## Information provided
------------------------------

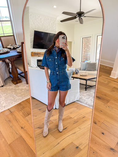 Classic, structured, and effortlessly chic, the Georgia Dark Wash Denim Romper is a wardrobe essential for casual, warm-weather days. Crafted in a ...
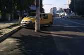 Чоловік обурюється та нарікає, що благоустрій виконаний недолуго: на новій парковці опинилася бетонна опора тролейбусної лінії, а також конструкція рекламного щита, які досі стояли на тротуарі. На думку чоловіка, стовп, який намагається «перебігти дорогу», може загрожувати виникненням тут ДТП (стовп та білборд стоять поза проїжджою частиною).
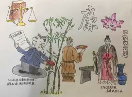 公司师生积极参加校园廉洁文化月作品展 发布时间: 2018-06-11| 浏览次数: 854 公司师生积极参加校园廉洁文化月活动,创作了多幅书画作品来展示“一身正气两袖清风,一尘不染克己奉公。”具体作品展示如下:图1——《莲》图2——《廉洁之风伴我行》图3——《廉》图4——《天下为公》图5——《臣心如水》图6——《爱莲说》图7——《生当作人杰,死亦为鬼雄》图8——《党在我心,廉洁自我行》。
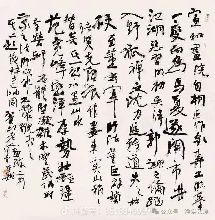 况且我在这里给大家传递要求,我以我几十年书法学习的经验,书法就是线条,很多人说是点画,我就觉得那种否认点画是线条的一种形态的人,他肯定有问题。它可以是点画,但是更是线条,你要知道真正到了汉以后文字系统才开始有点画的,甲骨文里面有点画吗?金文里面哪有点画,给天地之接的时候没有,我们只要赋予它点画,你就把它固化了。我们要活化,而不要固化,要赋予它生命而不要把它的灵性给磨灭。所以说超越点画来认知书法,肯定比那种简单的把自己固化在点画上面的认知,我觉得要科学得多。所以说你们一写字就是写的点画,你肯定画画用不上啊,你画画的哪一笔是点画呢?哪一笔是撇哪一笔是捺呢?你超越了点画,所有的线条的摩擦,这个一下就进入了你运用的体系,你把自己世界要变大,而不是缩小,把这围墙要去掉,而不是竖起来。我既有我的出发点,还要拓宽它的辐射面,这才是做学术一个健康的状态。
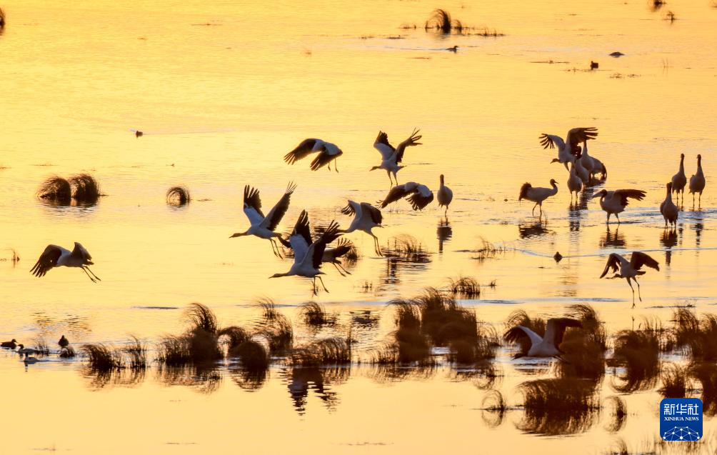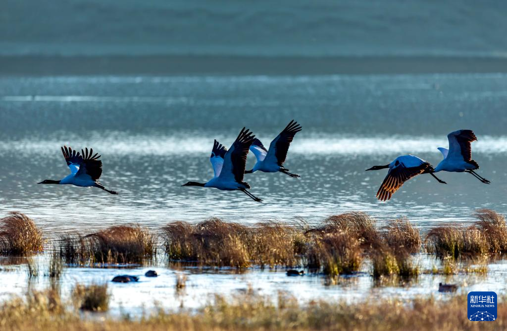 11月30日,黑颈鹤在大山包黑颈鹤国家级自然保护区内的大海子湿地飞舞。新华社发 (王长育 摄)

------------------------------

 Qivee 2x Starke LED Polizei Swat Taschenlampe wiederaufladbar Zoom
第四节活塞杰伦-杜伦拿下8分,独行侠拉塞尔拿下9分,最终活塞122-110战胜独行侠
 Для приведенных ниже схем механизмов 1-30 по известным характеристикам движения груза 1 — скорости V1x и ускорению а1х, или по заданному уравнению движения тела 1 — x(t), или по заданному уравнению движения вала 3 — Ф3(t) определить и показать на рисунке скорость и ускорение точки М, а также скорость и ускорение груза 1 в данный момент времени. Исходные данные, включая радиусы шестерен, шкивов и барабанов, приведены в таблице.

------------------------------

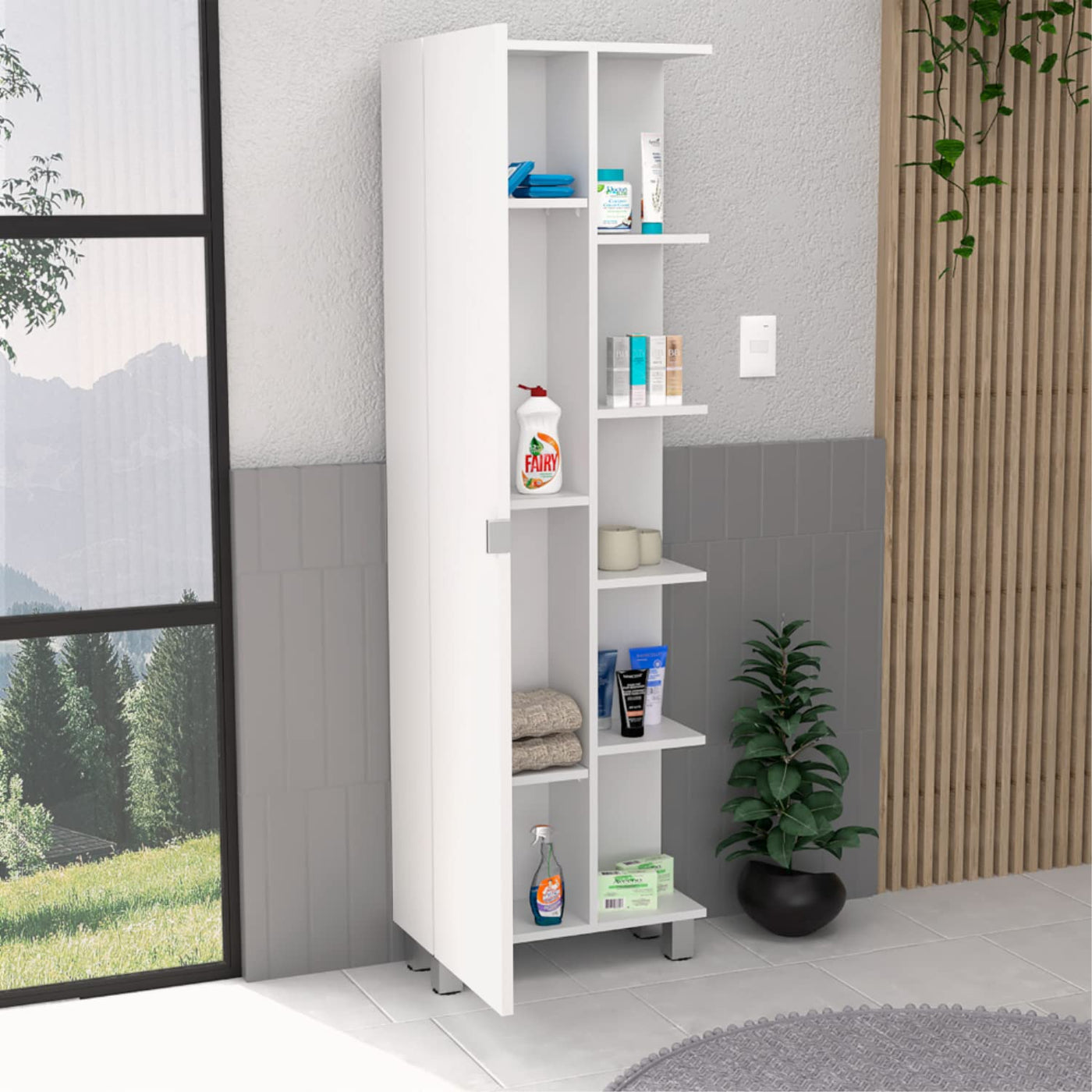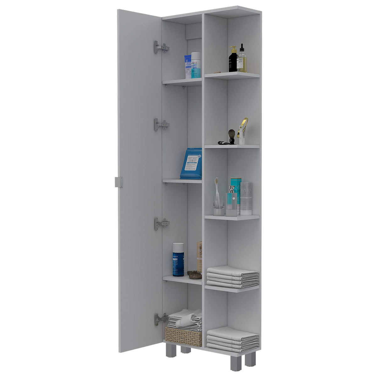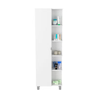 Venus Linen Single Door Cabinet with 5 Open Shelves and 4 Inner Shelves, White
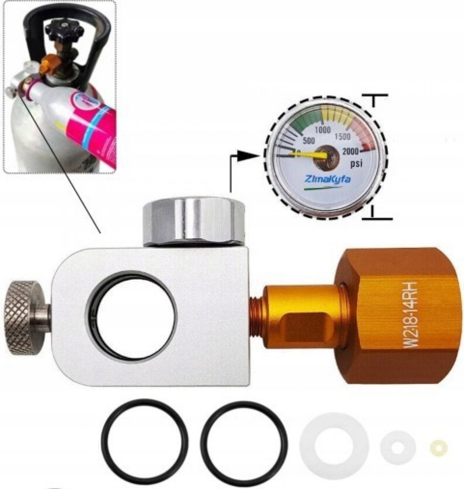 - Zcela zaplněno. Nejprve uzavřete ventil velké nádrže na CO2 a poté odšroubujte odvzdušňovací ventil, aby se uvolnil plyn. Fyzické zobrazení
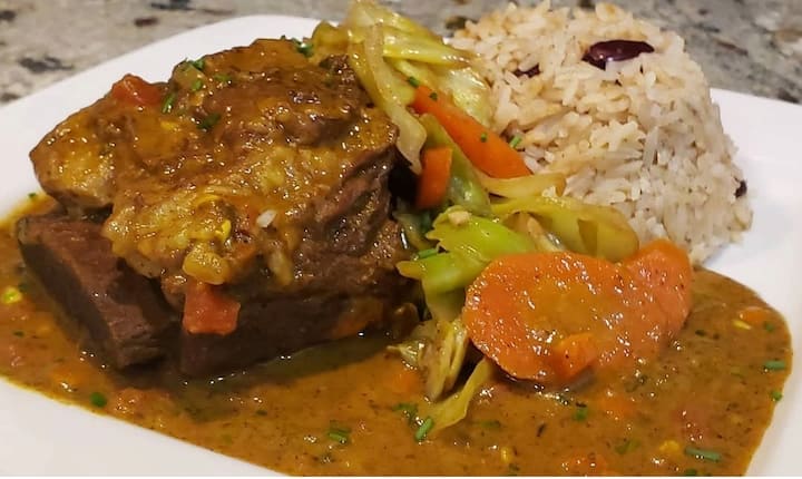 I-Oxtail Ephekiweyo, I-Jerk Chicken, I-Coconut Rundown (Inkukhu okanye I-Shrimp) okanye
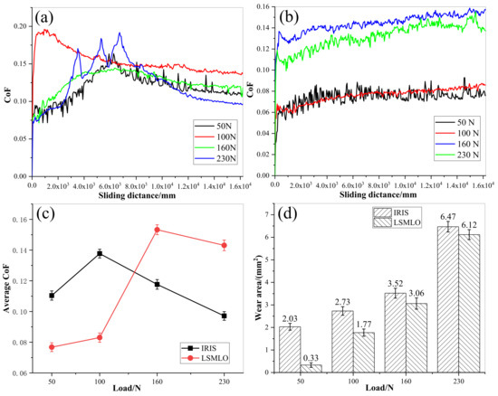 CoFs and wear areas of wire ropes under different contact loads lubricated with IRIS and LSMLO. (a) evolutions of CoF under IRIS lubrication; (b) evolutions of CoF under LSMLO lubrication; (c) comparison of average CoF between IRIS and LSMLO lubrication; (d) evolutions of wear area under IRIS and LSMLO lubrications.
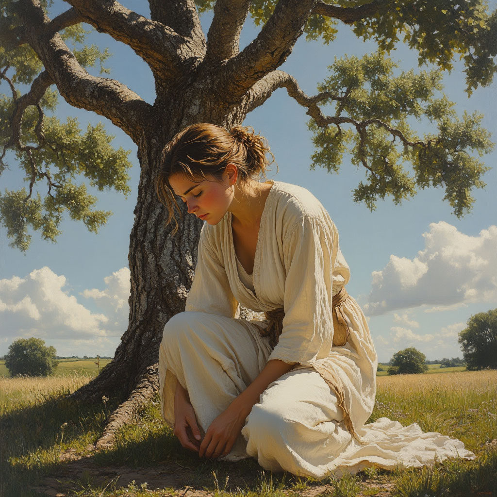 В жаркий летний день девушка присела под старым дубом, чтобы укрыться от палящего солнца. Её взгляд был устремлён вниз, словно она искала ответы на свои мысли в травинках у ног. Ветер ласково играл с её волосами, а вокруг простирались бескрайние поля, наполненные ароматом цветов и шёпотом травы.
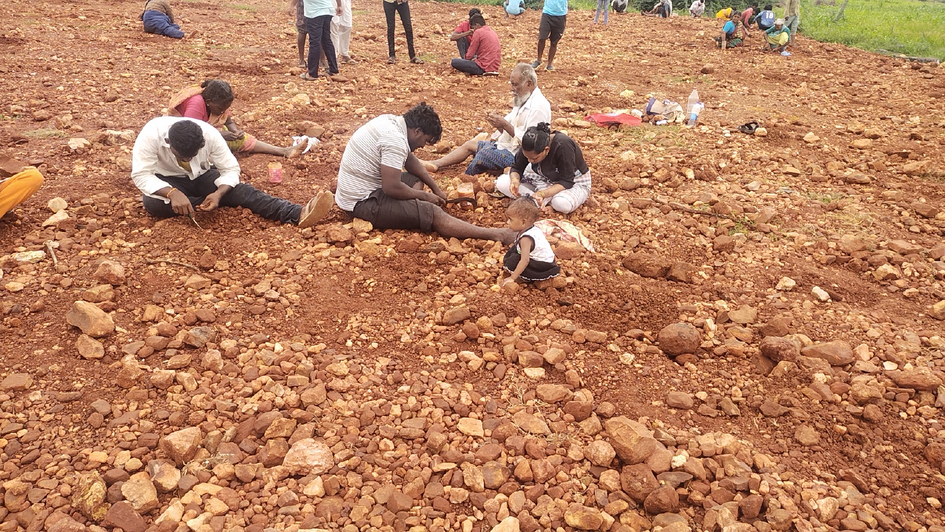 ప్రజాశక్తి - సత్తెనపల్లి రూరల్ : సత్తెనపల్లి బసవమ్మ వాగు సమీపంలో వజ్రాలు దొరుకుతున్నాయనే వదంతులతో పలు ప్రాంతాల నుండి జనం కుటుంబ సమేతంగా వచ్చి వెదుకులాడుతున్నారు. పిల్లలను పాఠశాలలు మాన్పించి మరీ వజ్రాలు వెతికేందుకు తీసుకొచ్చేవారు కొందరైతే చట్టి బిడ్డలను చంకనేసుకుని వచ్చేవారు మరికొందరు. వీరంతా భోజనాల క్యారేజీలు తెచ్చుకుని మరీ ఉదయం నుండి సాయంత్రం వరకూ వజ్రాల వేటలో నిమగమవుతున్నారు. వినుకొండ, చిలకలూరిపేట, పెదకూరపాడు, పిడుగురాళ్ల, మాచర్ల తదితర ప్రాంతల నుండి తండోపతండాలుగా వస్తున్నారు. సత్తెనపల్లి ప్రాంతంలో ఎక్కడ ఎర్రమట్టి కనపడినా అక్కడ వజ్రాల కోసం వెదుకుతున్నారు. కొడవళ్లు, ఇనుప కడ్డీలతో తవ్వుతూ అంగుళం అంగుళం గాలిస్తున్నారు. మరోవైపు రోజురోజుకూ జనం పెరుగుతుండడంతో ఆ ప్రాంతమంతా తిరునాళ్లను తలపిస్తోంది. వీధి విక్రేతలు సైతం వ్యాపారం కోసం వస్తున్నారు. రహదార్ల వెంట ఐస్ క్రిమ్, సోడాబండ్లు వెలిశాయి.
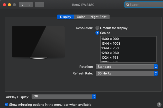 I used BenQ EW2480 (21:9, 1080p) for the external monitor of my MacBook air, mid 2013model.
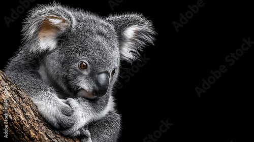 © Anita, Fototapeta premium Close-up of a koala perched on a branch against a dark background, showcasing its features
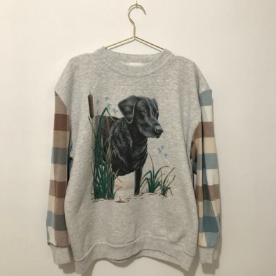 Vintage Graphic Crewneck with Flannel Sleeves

------------------------------

## Instructions to follow
For this task, return exactly the stretch of the listing above from the line with "况且我在这里给大家传递要求,我以我几十年" through the line with "11月30日,黑颈鹤在大山包黑颈鹤国家级自然保护区内的大海子湿地飞舞。新华社发 (王长育 摄)", inclusive and without pictures.

## Exercise result
 况且我在这里给大家传递要求,我以我几十年书法学习的经验,书法就是线条,很多人说是点画,我就觉得那种否认点画是线条的一种形态的人,他肯定有问题。它可以是点画,但是更是线条,你要知道真正到了汉以后文字系统才开始有点画的,甲骨文里面有点画吗?金文里面哪有点画,给天地之接的时候没有,我们只要赋予它点画,你就把它固化了。我们要活化,而不要固化,要赋予它生命而不要把它的灵性给磨灭。所以说超越点画来认知书法,肯定比那种简单的把自己固化在点画上面的认知,我觉得要科学得多。所以说你们一写字就是写的点画,你肯定画画用不上啊,你画画的哪一笔是点画呢?哪一笔是撇哪一笔是捺呢?你超越了点画,所有的线条的摩擦,这个一下就进入了你运用的体系,你把自己世界要变大,而不是缩小,把这围墙要去掉,而不是竖起来。我既有我的出发点,还要拓宽它的辐射面,这才是做学术一个健康的状态。
 11月30日,黑颈鹤在大山包黑颈鹤国家级自然保护区内的大海子湿地飞舞。新华社发 (王长育 摄)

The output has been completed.